Sandomierz bridgehead, also known as Sandomierz-Baranów bridgehead (przyczółek baranowsko-sandomierski, Сандомирский плацдарм) was a pocket of resistance created by Red Army's 1st Ukrainian Front in late July 1944 on the left bank of the Vistula River in German-occupied Poland. Located around the towns of Sandomierz and Baranów, it covered roughly 40 by 70 kilometres.

The creation of the bridgehead was one of the final acts of the Lvov–Sandomierz offensive of the Red Army. In the evening of 29 July 1944 elements of the 350th Rifle Division under Major General Grigori Vekhin reached the Vistula River and crossed it near Baranów. The following day a large part of the 13th Army followed into the gap, along with 1st Guards Tank Army. By the end of the day the bridgehead was expanded to a strip of land 12 by 8 kilometres. Simultaneously, elements of the 3rd Guards Army created a new bridgehead across the Vistula near Annopol, some 60 km downstream.

The Wehrmacht started a massive counter-attack on 1 August 1944 by a pincer movement from Mielec and Tarnobrzeg. After several days of heavy fighting, the Soviet 33rd Rifle Corps and 9th Mechanized Corps pushed the German forces back and threw them out of Tarnobrzeg by 6 August.

On 11 August the Germans started yet another counter-attack, this time from Szydłów intending to cut the Soviet units from the river. However, the German offensive came to a standstill after three days, and on 14 August the Soviets started a push from the direction of Klimontów and a small bridgehead near Zawichost towards the north.
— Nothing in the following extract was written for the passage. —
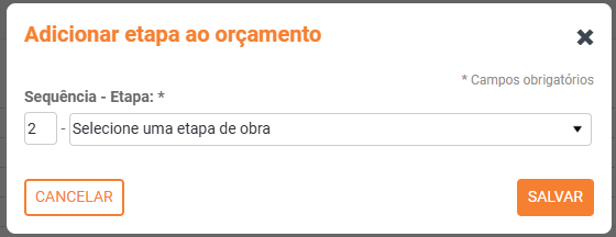 ATENÇÃO: O nome da etapa será alterado para todos os orçamentos de obra onde a etapa está incluída." - Se fizer alteração da sequência ela irá alterar a posição em que esta etapa está em seu orçamento.
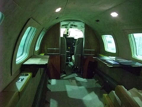 内装はいろいろ変えられるようで、 展示室の機体には小さな席が3つほど取り付けられていた。 患者輸送であれば、ベッドにしたり、 応接間にもなるとか。

The Soviet attack reached Sandomierz, but was stopped soon afterwards. By the end of the month both sides dug, unable to mount further offensive movements, and went on defence. The front stabilised until 7 January 1945, when the Vistula–Oder offensive started.

== Remembrance ==
In Opatów, soldiers from the 6th Army of the 1st Ukrainian Front are buried, about 6,000 of whom died in the fighting in the Opatów area. They are buried in 32 mass graves. In Sandomierz, 11,451 soldiers of the Red Army are buried, who died in the fighting to capture the city in July 1944, and in various other towns in the vicinity of Sandomierz. Soldiers from the 1st, 3rd and 4th Guards Tank Armies and the 6th, 13th and 59th Armies of the 1st Ukrainian Front are buried there. The cemetery also contains the grave of Colonel Vasyl Skopenko and Bulgarian citizen Karlo Szabanski. The cemetery in Stopnica is home to 1,892 Soviet soldiers who died in the fighting for Stopnica and those who died in the vicinity of Łubnice. The bodies of those killed in the fights for Stopnica were transferred from Łubnice to the cemetery in Stopnica in 1946.